### WORK ORDER
In this exercise, the entries below include pictures. Repeat exactly the lines from the line with "Horní část je" to the line with "Introducing the Marcos", including both, but without the pictures.

RECORD SET: Begin

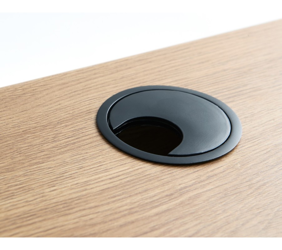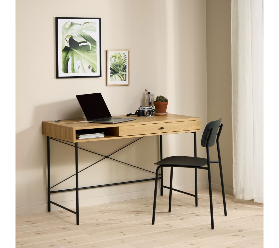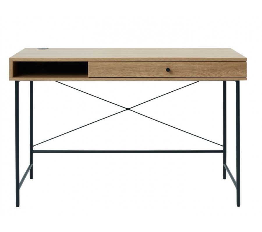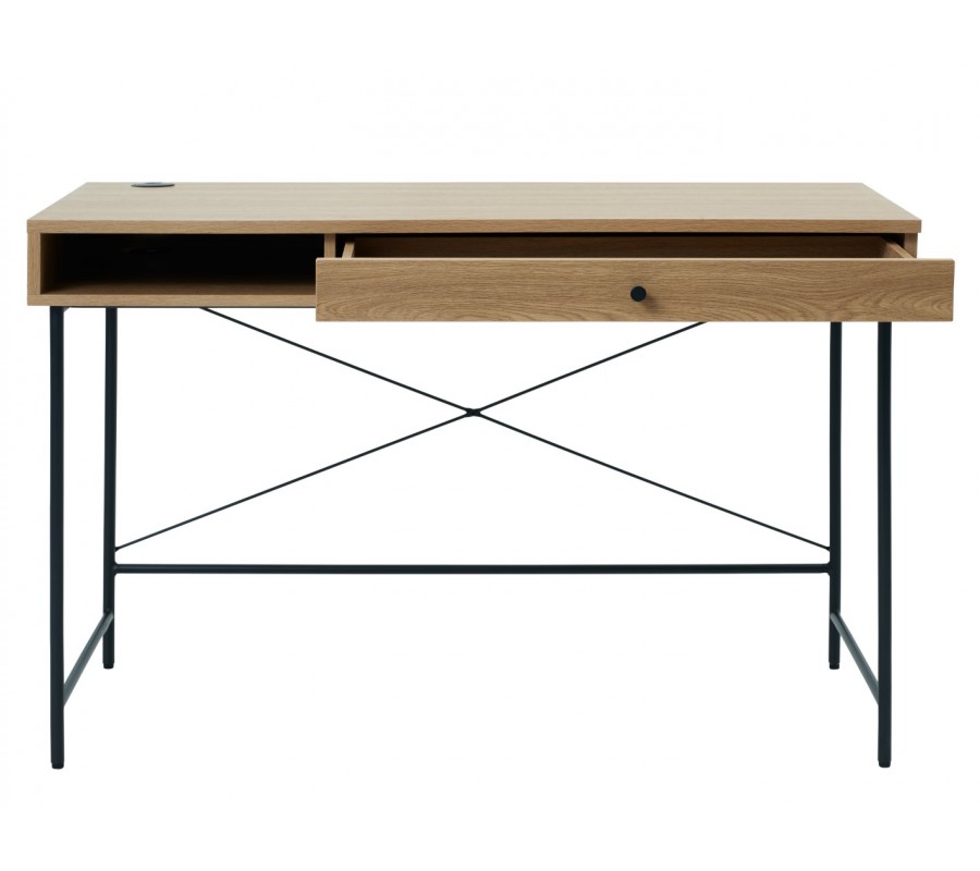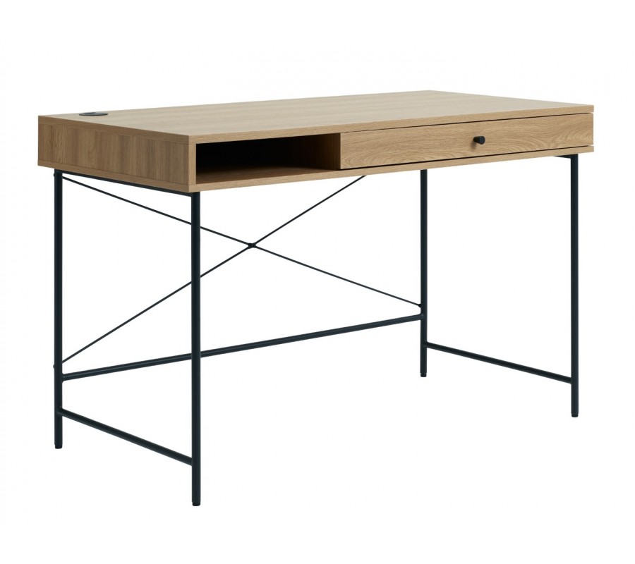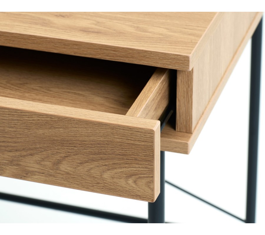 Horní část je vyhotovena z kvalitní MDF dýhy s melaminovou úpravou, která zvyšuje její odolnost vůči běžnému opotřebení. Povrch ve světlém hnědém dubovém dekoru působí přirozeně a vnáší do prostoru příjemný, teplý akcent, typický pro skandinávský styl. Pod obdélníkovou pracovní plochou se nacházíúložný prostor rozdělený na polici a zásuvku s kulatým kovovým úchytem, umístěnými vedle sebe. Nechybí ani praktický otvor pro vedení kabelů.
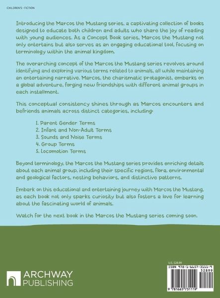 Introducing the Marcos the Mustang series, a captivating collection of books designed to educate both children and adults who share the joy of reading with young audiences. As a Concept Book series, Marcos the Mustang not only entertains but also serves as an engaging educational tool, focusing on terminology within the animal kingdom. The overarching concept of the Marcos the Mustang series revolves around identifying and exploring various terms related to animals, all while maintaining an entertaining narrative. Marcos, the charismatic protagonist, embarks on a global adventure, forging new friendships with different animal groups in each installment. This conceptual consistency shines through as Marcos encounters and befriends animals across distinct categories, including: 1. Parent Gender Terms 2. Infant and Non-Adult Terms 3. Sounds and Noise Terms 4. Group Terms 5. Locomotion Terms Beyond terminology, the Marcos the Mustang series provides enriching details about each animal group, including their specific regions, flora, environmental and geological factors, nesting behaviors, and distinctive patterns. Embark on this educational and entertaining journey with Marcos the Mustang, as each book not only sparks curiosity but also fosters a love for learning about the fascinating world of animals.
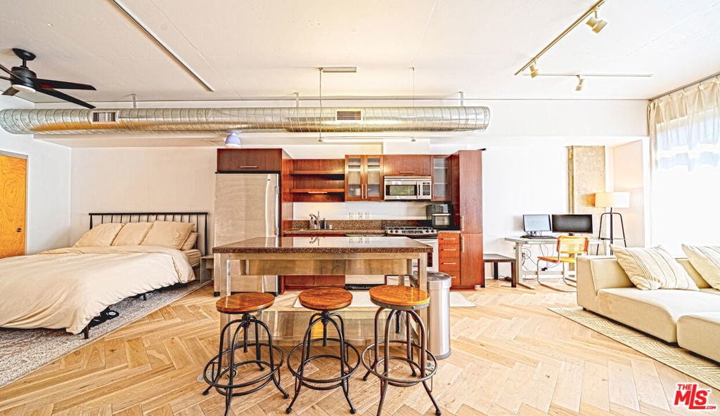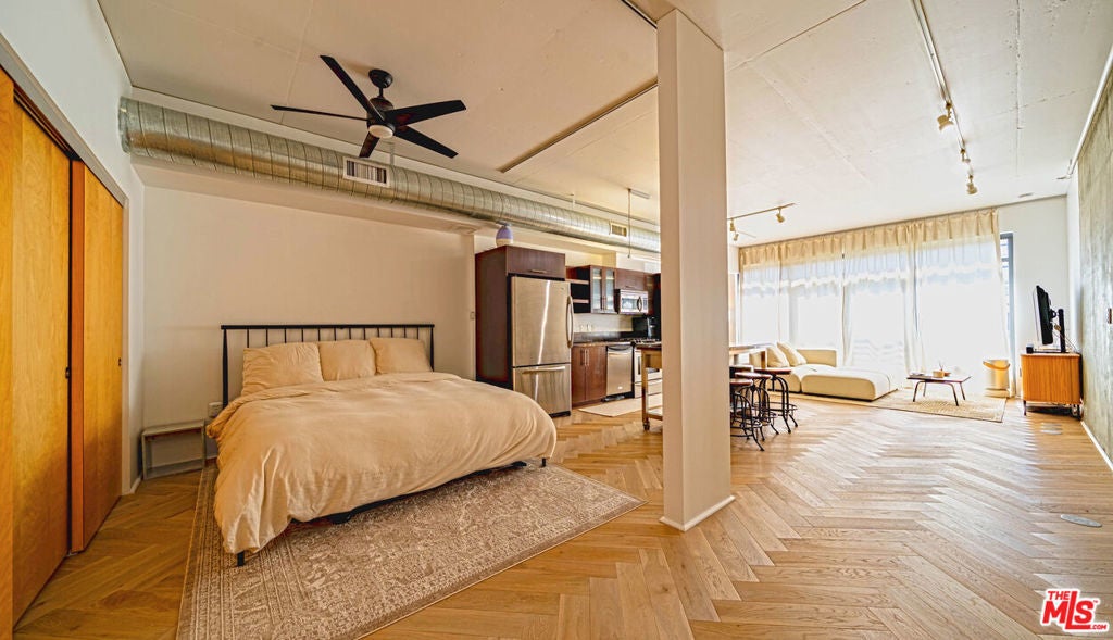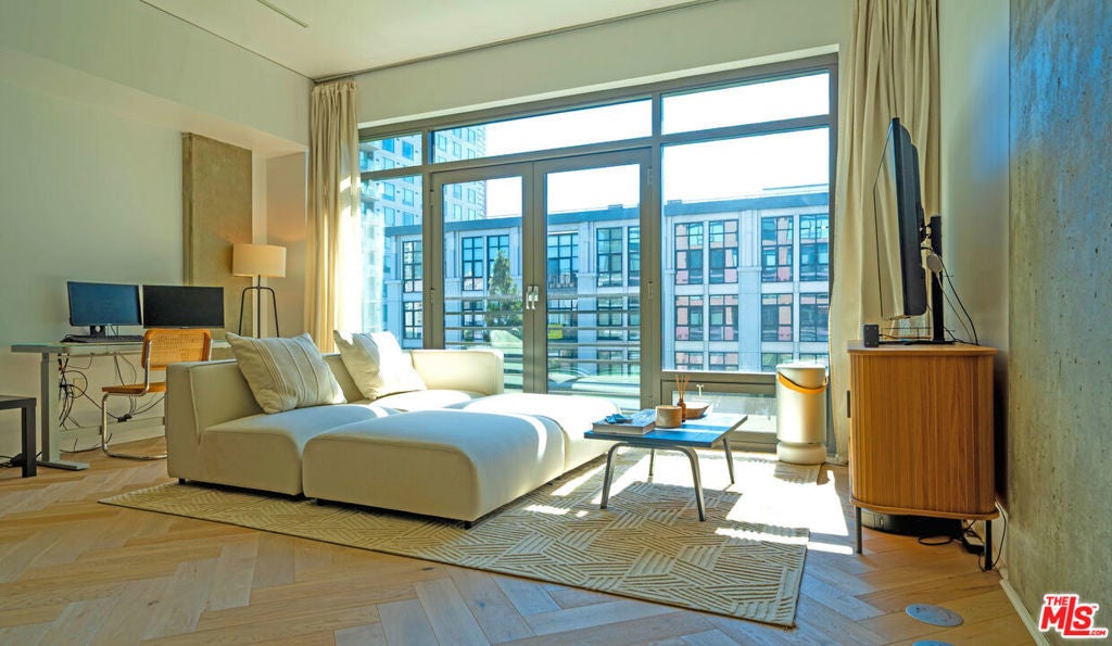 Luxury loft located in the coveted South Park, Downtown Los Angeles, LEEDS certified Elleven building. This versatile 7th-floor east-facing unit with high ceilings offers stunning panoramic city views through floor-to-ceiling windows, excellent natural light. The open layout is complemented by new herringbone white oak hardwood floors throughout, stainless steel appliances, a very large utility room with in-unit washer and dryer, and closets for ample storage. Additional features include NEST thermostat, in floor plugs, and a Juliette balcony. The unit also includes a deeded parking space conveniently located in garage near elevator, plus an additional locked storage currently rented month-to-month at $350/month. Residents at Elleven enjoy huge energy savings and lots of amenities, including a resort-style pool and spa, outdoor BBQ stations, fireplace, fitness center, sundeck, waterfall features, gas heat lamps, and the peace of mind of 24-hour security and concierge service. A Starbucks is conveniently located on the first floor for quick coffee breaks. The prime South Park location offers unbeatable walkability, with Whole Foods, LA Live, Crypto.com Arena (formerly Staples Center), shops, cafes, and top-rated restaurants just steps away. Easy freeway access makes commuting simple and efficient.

RECORD SET: End
RECORD SET: Begin

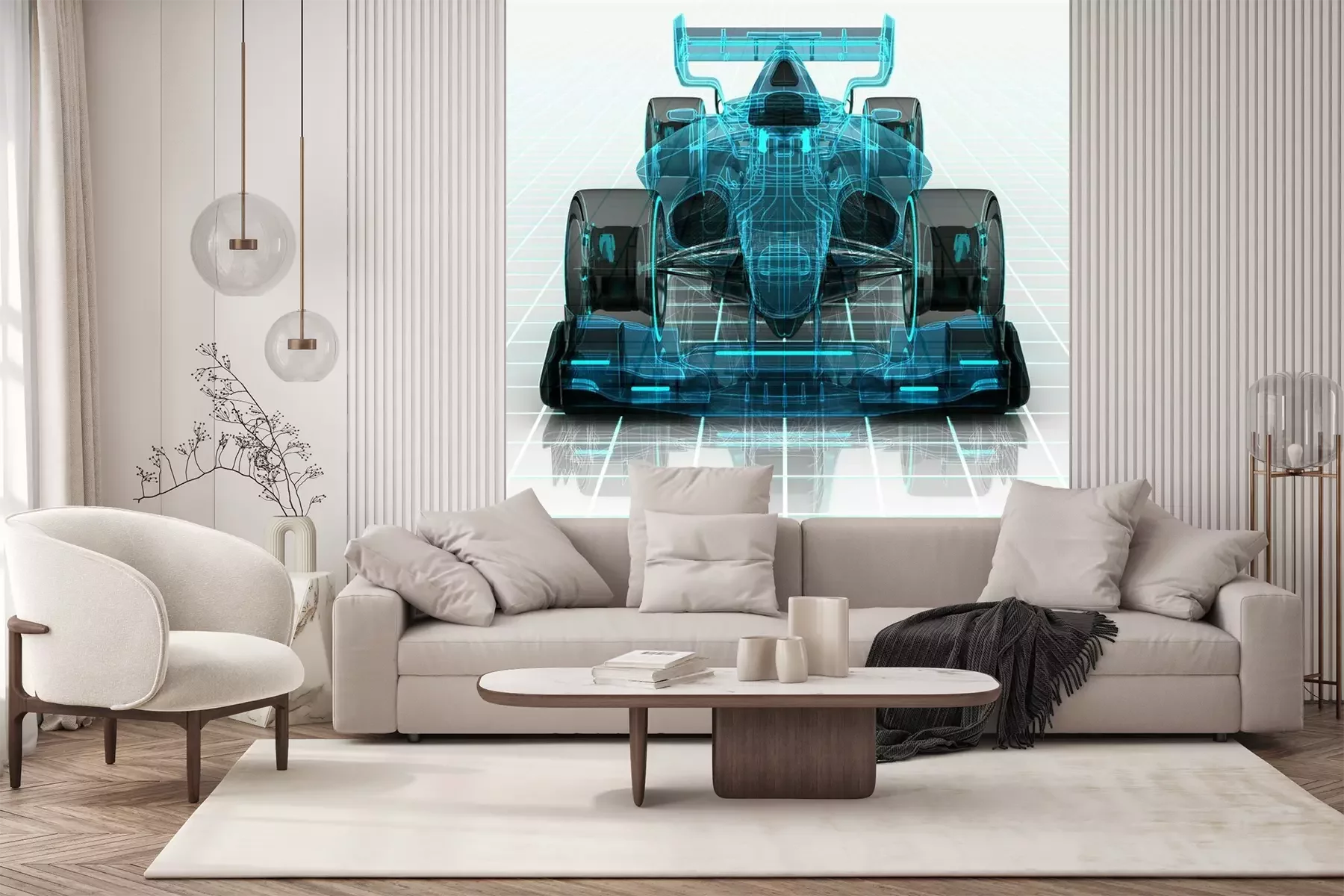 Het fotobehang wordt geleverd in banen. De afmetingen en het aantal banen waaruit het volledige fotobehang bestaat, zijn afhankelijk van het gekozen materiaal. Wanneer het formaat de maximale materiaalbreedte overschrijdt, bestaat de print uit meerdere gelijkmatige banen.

RECORD SET: End

### TASK OUTPUT
 Horní část je vyhotovena z kvalitní MDF dýhy s melaminovou úpravou, která zvyšuje její odolnost vůči běžnému opotřebení. Povrch ve světlém hnědém dubovém dekoru působí přirozeně a vnáší do prostoru příjemný, teplý akcent, typický pro skandinávský styl. Pod obdélníkovou pracovní plochou se nacházíúložný prostor rozdělený na polici a zásuvku s kulatým kovovým úchytem, umístěnými vedle sebe. Nechybí ani praktický otvor pro vedení kabelů.
 Introducing the Marcos the Mustang series, a captivating collection of books designed to educate both children and adults who share the joy of reading with young audiences. As a Concept Book series, Marcos the Mustang not only entertains but also serves as an engaging educational tool, focusing on terminology within the animal kingdom. The overarching concept of the Marcos the Mustang series revolves around identifying and exploring various terms related to animals, all while maintaining an entertaining narrative. Marcos, the charismatic protagonist, embarks on a global adventure, forging new friendships with different animal groups in each installment. This conceptual consistency shines through as Marcos encounters and befriends animals across distinct categories, including: 1. Parent Gender Terms 2. Infant and Non-Adult Terms 3. Sounds and Noise Terms 4. Group Terms 5. Locomotion Terms Beyond terminology, the Marcos the Mustang series provides enriching details about each animal group, including their specific regions, flora, environmental and geological factors, nesting behaviors, and distinctive patterns. Embark on this educational and entertaining journey with Marcos the Mustang, as each book not only sparks curiosity but also fosters a love for learning about the fascinating world of animals.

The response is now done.